Stored records
»»

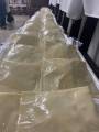 4 homens (2 camiseta preta e 2 camiseta verde)e 1 mulher (blusa fundo rosa claro estampada), todos de touca descartáveis na cabeça.
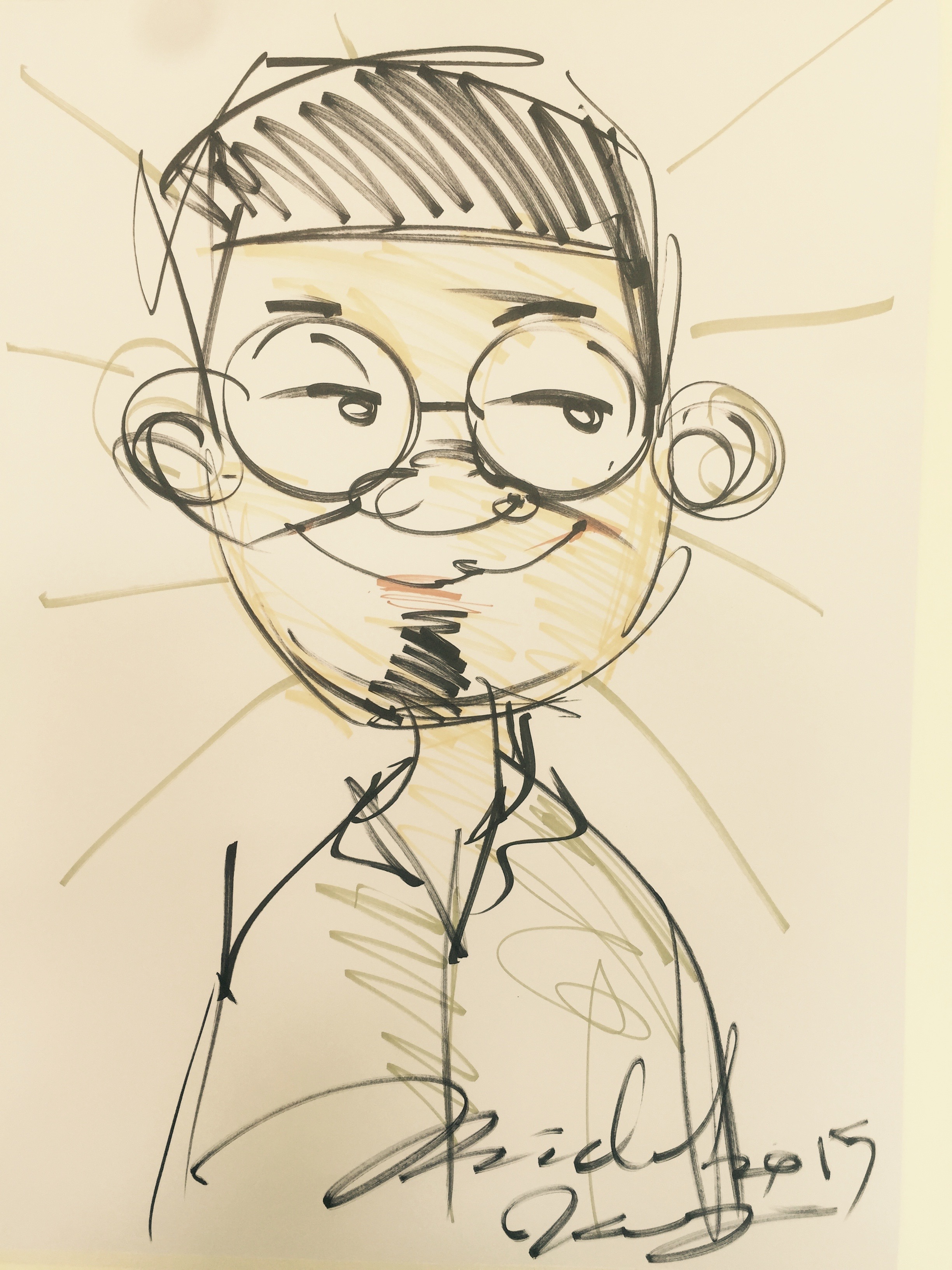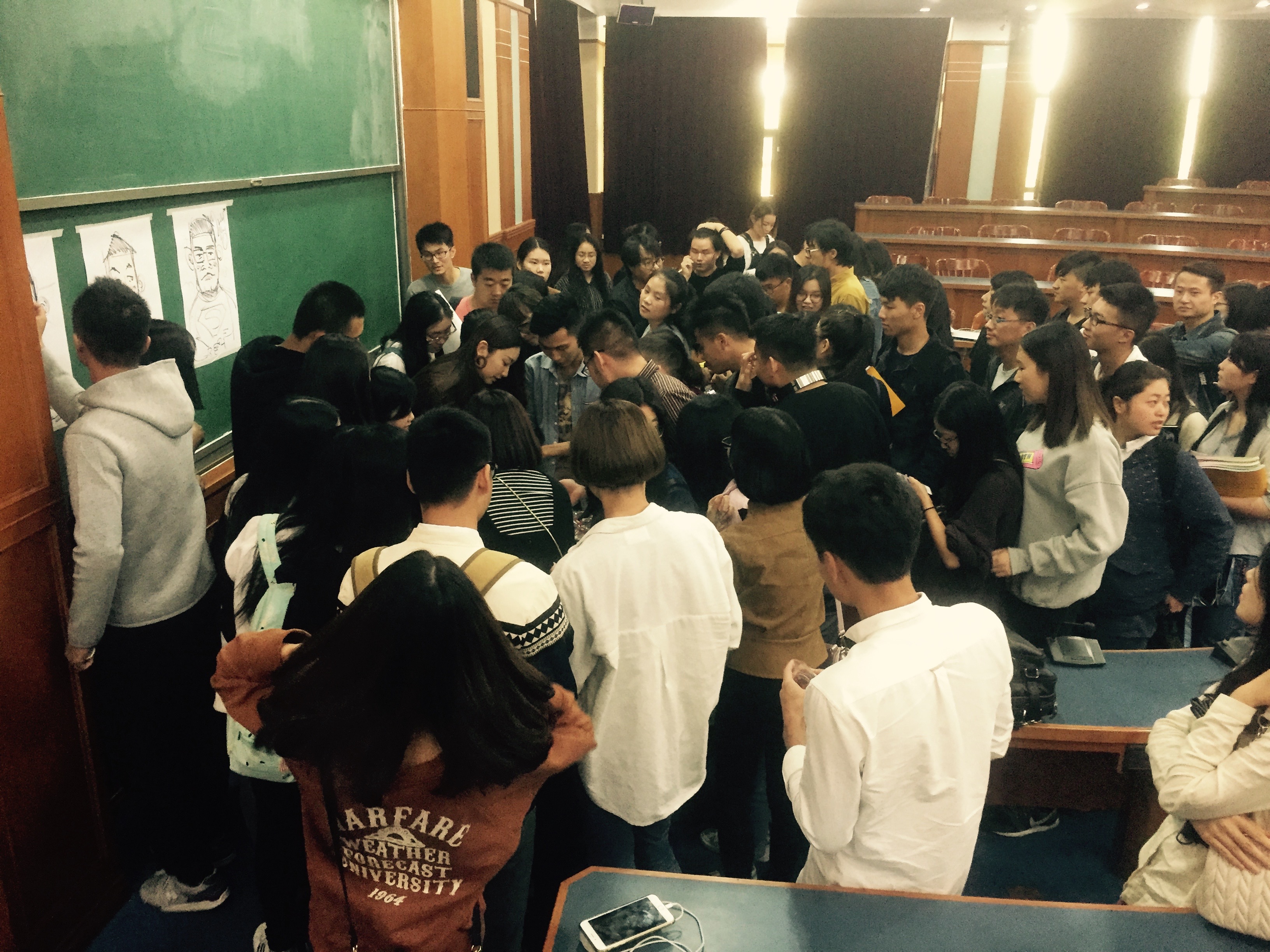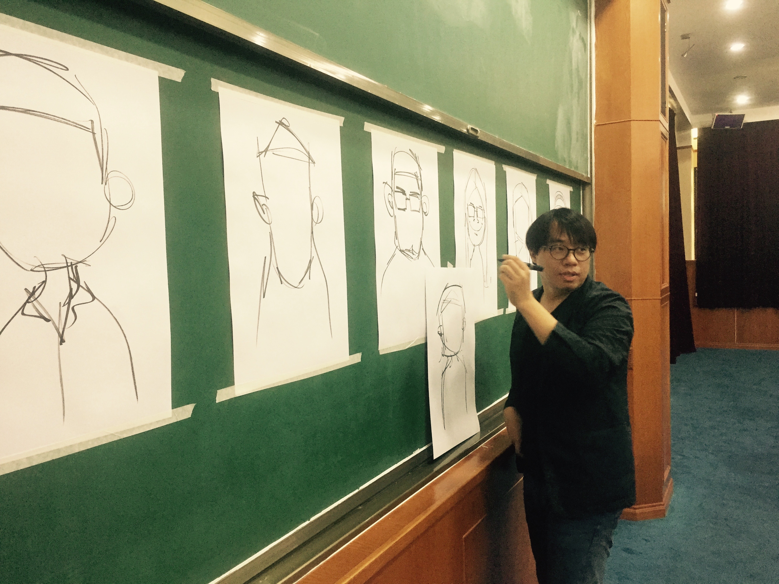 在讲座的尾声,邝教授在老师与同学们的强烈要求下,当场献艺,随机抽取现场的六位幸运的同学还有崔文铮老师(又是他…)作为模特,车轮作画,就是同时画七个人的漫画肖像,平均下来每幅画的创作时间还不到2分钟!顿时全场沸腾起来,每到一处点睛之笔,就引得场下一片呼声,让现场的老师与同学们都深深的感叹邝大师那扎实、深厚的专业功底。并表示意犹未尽,希望自己也能获得一张邝教授创作的肖像画。很幸运的是,邝教授本学期为艺设的同学开设了两门专业选修课《动漫品牌设计》和《脚本制作与视觉表达》,他答应同学们下周再来嘉庚上课时,还会为大家作画!
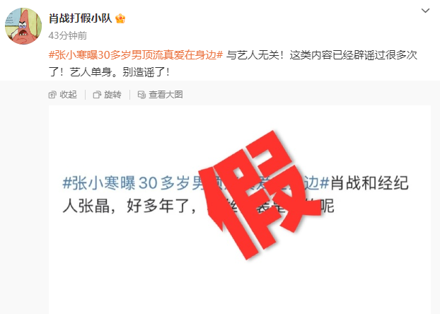 3月21日,针对话题词#张小寒曝30多岁男顶流真爱在身边#,肖战方辟谣。
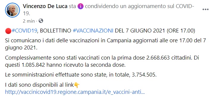 Questo quanto pubblicato sulla pagina facebook del Pres. De Luca:
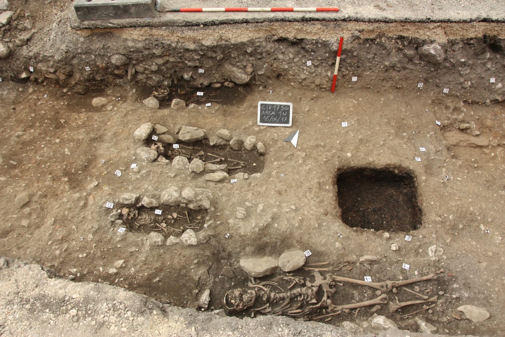 Si tratta, come rende noto la Soprintendenza stessa in un comunicato, di parte di una necropoli di età longobarda (la datazione è attualmente in via di definizione tra VI e VIII secolo), con sepolture pertinenti a individui locali, sepolti senza corredo in quanto non di cultura germanica. Il sepolcreto era posizionato su un’area precedentemente occupata da un focolare interrato di età tardo romana e da probabili apprestamenti lignei sistemati in prossimità di una struttura, forse di terrazzamento, legata alla presenza delle mura urbiche. Un contesto che ci permette di immaginare un paesaggio antico caratterizzato dalla presenza di un’area aperta adibita a cimitero, verosimilmente formatosi in relazione all’impianto più antico della chiesa, con annesso xenodochio (una struttura di accoglienza spesso posizionata presso le porte urbiche) di fondazione longobarda, attestato già nell’VIII secolo su terreni fiscali di proprietà del duca longobardo Rodoaldo.
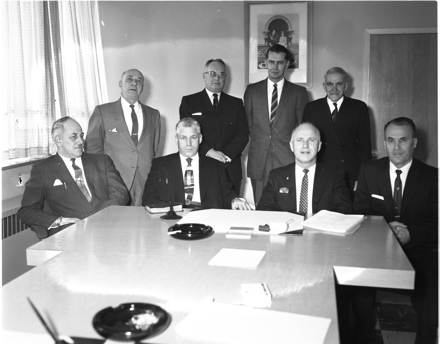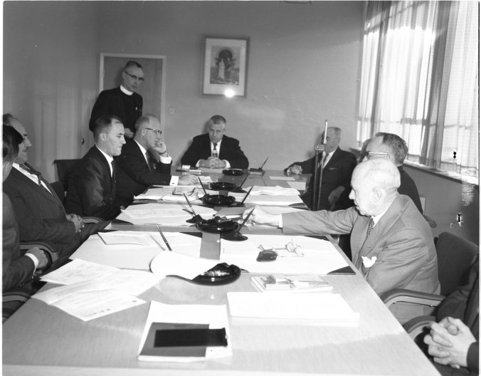 Devotional period, conducted by Rev. L. J. Delaney of St. Mark’s Anglican Church, was one of the features of the inaugural ceremonies of Midland’s 1960 council. Listening to Mr. Delaney’s address, clockwise around the table from left, are Alderman Doug Haig, Deputy-reeve Clinton Smith, Reeve Herb J. Beauchamp, Clerk William “Bill” Hack, Mayor Charles Parker, George S. Dudley Q.C., aldermen Percy Crawford, Bill Orr and James Mackie.
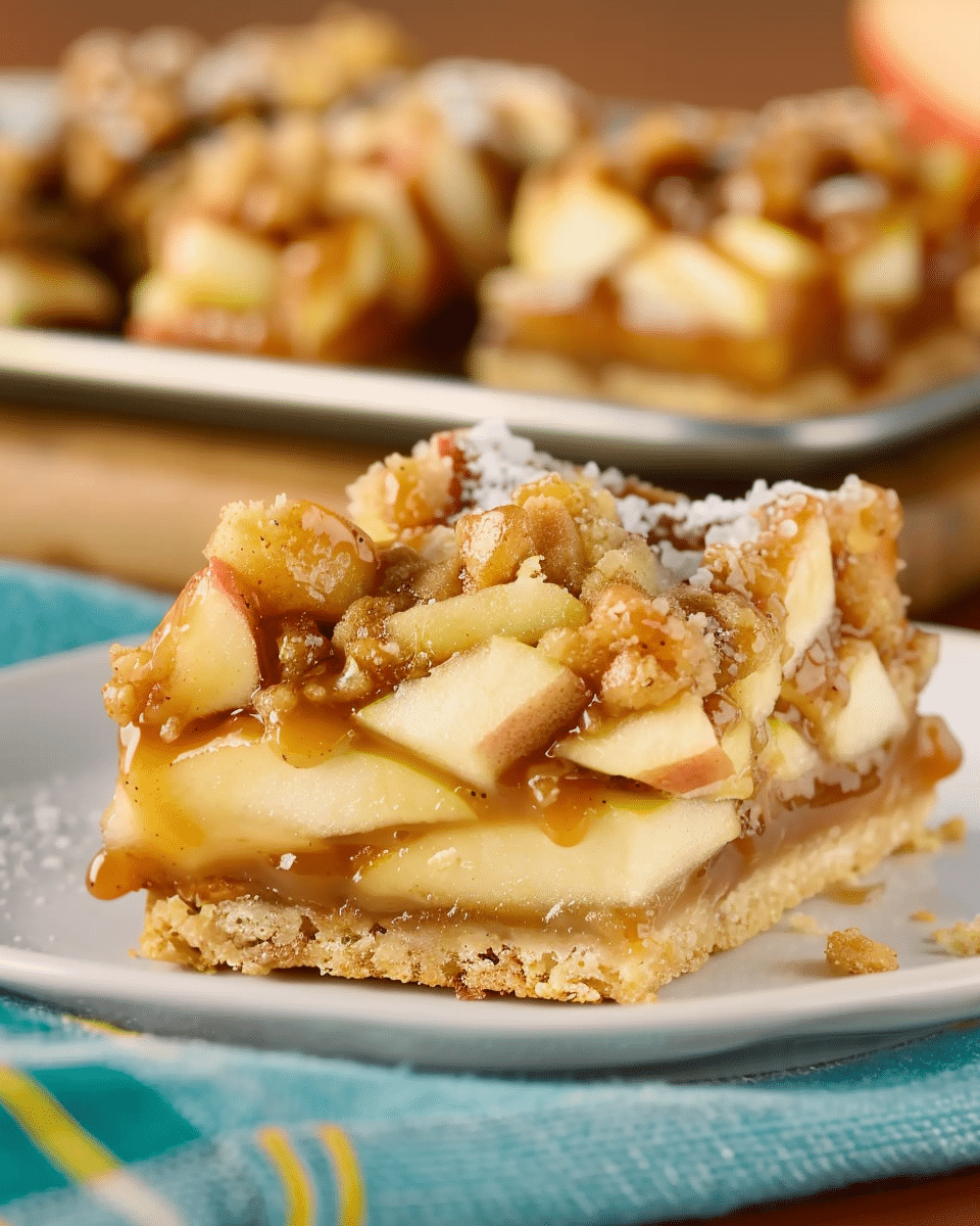 These Easy Caramel Apple Bars combine tender spiced apples, rich dulce de leche, and a buttery shortbread crust into a portable, sliceable dessert that captures all the flavor of a classic caramel apple — without the mess.
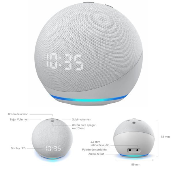 Echo Dot con reloj – Nuestro parlante inteligente más popular con Alexa. Este diseño elegante y compacto ofrece voces nítidas y bajos equilibrados, para un sonido completo.
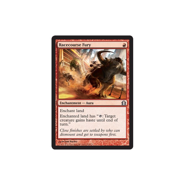 : Target creature gains haste until end of turn." Příběhový text karty: Close finishes are settled by who can dismount and get to weapons first.
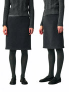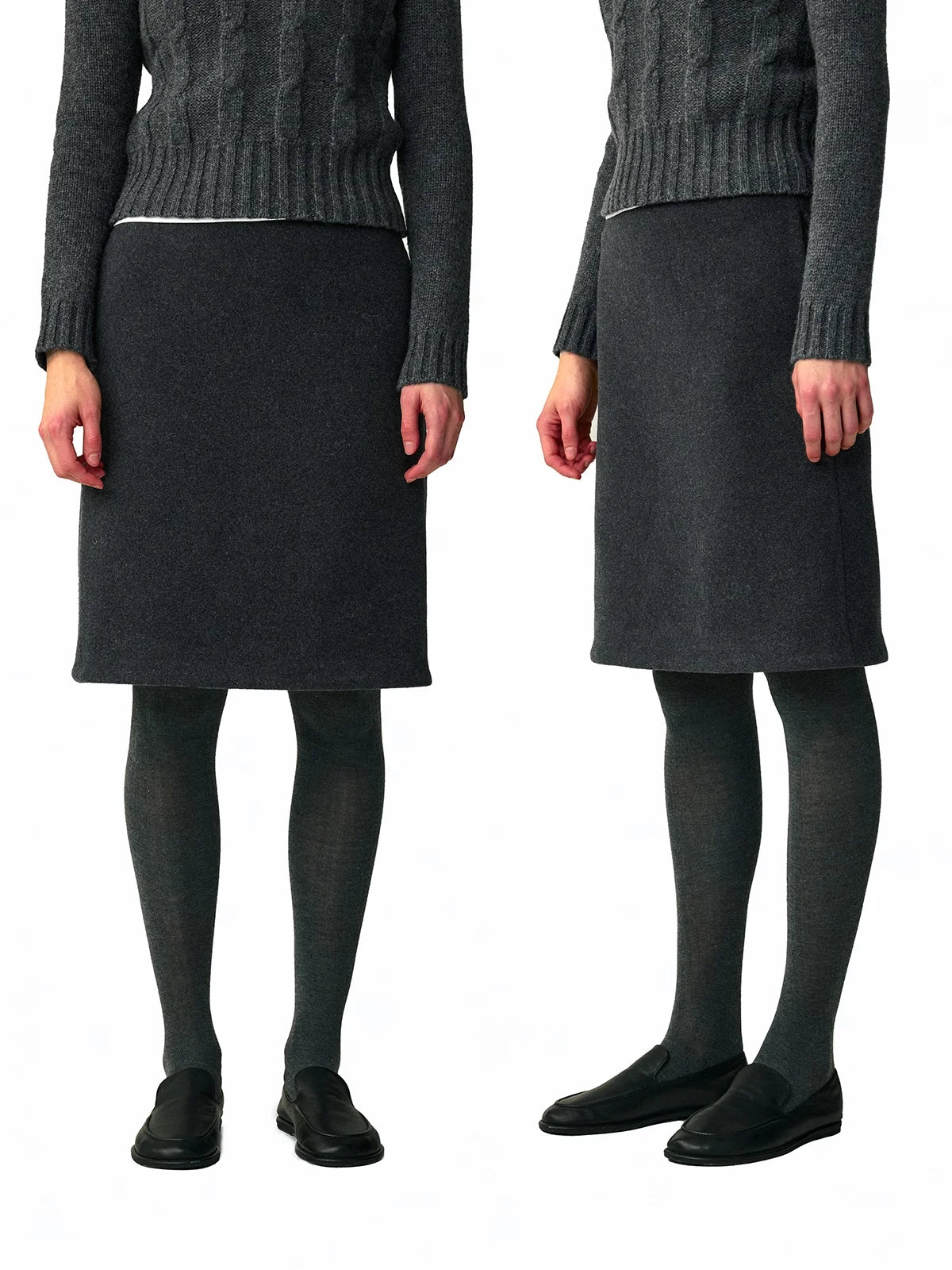 This women's knee-length H-line skirt is crafted from a soft wool blend, offering both comfort and style. Featuring a clean, streamlined silhouette and an integrated waist design, it delivers a polished look ideal for casual and semi-formal settings. Available in versatile charcoal and brown tones, this skirt pairs effortlessly with a variety of tops and footwear for a refined finish.

««

PROBLEM TO WORK ON —
Reproduce the records exactly, starting with their first line and ending with the line that contains "在讲座的尾声,邝教授在老师与", though pictures should be dropped.

EXPECTED ANSWER —
 4 homens (2 camiseta preta e 2 camiseta verde)e 1 mulher (blusa fundo rosa claro estampada), todos de touca descartáveis na cabeça.
 在讲座的尾声,邝教授在老师与同学们的强烈要求下,当场献艺,随机抽取现场的六位幸运的同学还有崔文铮老师(又是他…)作为模特,车轮作画,就是同时画七个人的漫画肖像,平均下来每幅画的创作时间还不到2分钟!顿时全场沸腾起来,每到一处点睛之笔,就引得场下一片呼声,让现场的老师与同学们都深深的感叹邝大师那扎实、深厚的专业功底。并表示意犹未尽,希望自己也能获得一张邝教授创作的肖像画。很幸运的是,邝教授本学期为艺设的同学开设了两门专业选修课《动漫品牌设计》和《脚本制作与视觉表达》,他答应同学们下周再来嘉庚上课时,还会为大家作画!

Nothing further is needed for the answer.